Are You Contemplating Sleeve Surgery in 2018?

Are You Contemplating Sleeve Surgery in 2018

Are You Contemplating Sleeve Surgery in 2018?

Eighty percent (80%) of obese patients have acid reflux disease. Weight loss is associated with improvement and sometimes resolution of GERD related symptoms. The most effective weight loss solution, in 2018, remains weight loss surgery. Gastric sleeve surgery is the most commonly performed procedure in Houston, TX. Sleeve gastrectomy is safe, effective and minimally invasive. There is, however, a concern regarding the effect of gastric sleeve surgery on GERD. Several published studies have shown an increased incidence of de novo as well as worsening pre-existing acid reflux symptoms following sleeve gastrectomy. The interpretation of these studies is, however, quite challenging. The diagnosis and severity of acid reflux is evaluated using GERD symptom analysis and use of proton pump inhibitors. Very few studies use objective measures of GERD evaluation like upper endoscopy with biopsies and pH monitoring before and after surgeries to study sleeve gastrectomy effect on GERD. Furthermore, sleeve gastrectomy technique is not yet standardized. Gastric sleeve size and shape varies from surgeon to surgeon and sleeve size and shape plays an important role in GERD pathophysiology. At Houston Heartburn and reflux Center, we have found that a properly performed sleeve gastrectomy is an excellent anti-reflux procedure for the obese patient.
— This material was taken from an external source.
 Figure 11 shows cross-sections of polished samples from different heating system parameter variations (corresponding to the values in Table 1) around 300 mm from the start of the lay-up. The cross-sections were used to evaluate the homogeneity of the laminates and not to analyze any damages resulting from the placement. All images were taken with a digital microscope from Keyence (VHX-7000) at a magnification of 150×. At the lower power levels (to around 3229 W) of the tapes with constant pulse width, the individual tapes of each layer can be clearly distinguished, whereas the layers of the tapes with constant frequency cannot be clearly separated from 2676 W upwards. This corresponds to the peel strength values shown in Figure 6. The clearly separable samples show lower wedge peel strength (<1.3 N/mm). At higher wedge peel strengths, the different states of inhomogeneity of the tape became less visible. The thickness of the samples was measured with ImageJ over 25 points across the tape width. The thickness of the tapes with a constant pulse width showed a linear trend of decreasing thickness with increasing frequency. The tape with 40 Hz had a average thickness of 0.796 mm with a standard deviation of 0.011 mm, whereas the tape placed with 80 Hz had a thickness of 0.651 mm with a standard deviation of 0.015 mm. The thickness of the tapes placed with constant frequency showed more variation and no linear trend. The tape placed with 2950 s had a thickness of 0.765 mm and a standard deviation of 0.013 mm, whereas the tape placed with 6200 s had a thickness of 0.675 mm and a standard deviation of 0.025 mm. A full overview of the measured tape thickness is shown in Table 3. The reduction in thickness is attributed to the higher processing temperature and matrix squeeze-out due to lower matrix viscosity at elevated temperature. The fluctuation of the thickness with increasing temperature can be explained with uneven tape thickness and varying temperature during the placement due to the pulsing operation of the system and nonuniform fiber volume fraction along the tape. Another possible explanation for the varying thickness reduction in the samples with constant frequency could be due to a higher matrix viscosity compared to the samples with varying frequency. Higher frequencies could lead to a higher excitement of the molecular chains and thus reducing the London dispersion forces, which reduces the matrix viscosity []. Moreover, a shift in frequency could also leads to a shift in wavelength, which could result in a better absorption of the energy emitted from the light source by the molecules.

A properly performed sleeve gastrectomy follow three basic principles:

1. Preserve the incisura angularis to prevent reflux
2. Resect the gastric fundus to promote weight loss
3. Preserve the antrum to maintain gastric emptying

Unfortunately, the blind use of a small diameter bougie mutilates the stomach and results in functional and sometimes anatomical narrowing at the incisura angularis. The incisura angularis is an important anatomic landmark that separates gastric antrum from gastric fundus. Gastric content movement across the incisura angularis between fundus and antrum is highly coordinated. The Magenstrasse gastric emptying pathway, among others, depends on such coordination. Narrowing stomach angularis and resecting the gastric antrum impair gastric emptying pathways are likely to cause GERD.
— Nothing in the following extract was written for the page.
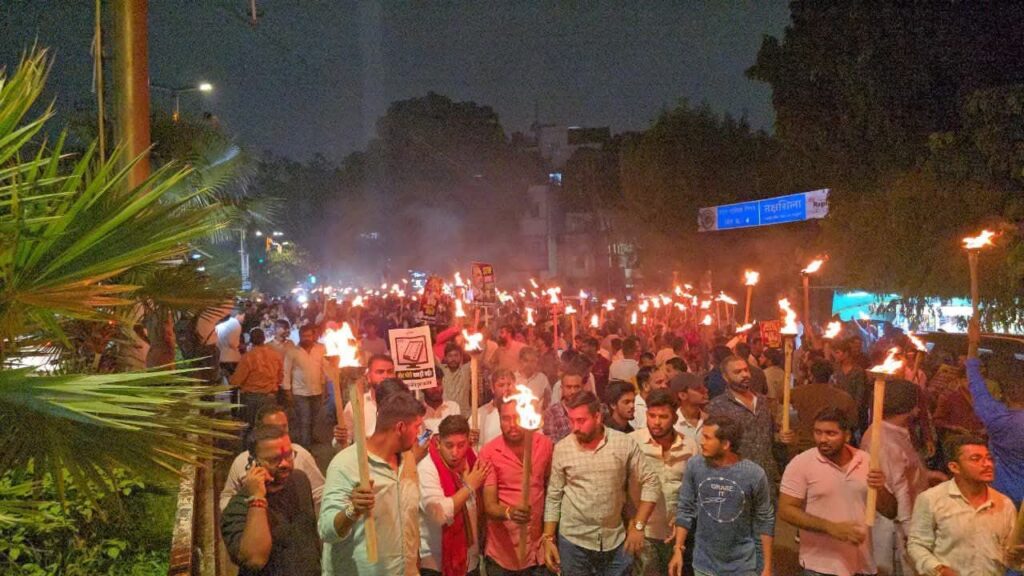 छत्तीसगढ़ प्रदेश युवा कांग्रेस ने आज राजधानी रायपुर में प्रदेश निर्वाचन आयोग कार्यालय तक ऐतिहासिक मशाल रैली निकालकर “वोट चोरी” के खिलाफ जोरदार प्रदर्शन किया। “वोट चोर- गद्दी छोड़” के नारों से वातावरण गूंज उठा।

Studies are much needed in this field to confirm these theories. Our outcomes, however, at Houston Heartburn and reflux Center, clearly indicate that a contoured sleeve that follows the above mentioned privciples, is equivalent to a Nissen fundoplication in terms of GERD symptom control. Concomitant hiatal hernia repair is crucial as most obese patients have a sliding hiatal hernia. The resected stomach has low wall compliance and can easily transmit the negative intra-thoracic pressure inside its lumen. This results in the creation of a pressure gradient that favors cephalad gastric content movement. A proper hiatal hernia repair moves the gastro-esophageal junction into the abdominal cavity and shields the sleeve lumen from the negative intra-thoracic pressure.

In summary, if you have acid reflux disease and suffer from morbid obesity a PROPERLY performed gastric sleeve and hiatal hernia surgery may be an excellent solution for you.